§ **PROBLEM TO SOLVE**
Could every line below be transcribed exactly, with the pictures dropped?
____ EXERCISE DATA
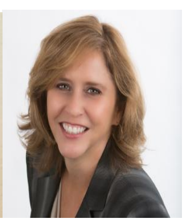
Osten Legislative Advocate
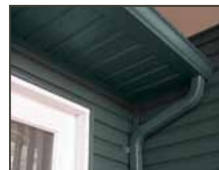
Aluminium Trims & Accessories
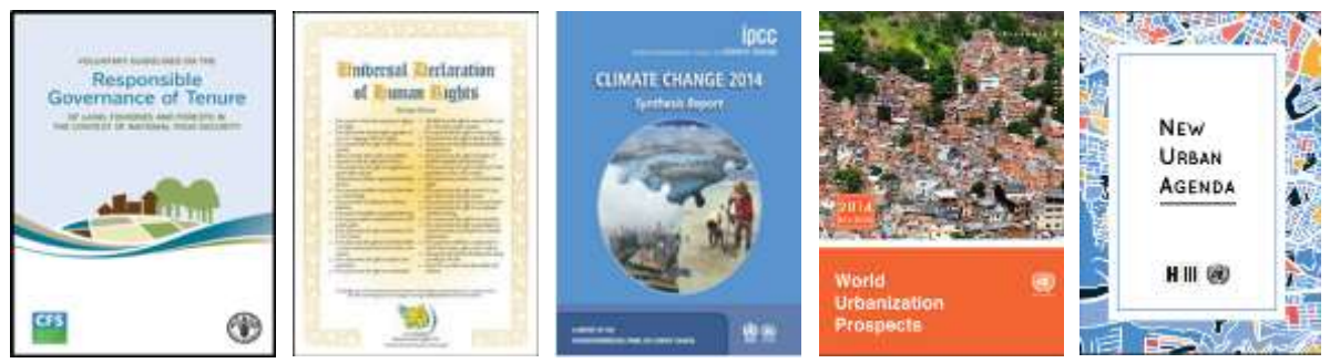
Figure 2. The wider global agenda includes a range of land related issues.

It should be recognised that, next to the SDGs, the wider global agenda includes a range of global issues, such as responsible governance of tenure, human rights and equity, climate change and natural disasters, rapid urbanisation, and the New Urban Agenda – see Figure 2.
________
§ **REPLY**
Osten Legislative Advocate
Aluminium Trims & Accessories
Figure 2. The wider global agenda includes a range of land related issues.

It should be recognised that, next to the SDGs, the wider global agenda includes a range of global issues, such as responsible governance of tenure, human rights and equity, climate change and natural disasters, rapid urbanisation, and the New Urban Agenda – see Figure 2.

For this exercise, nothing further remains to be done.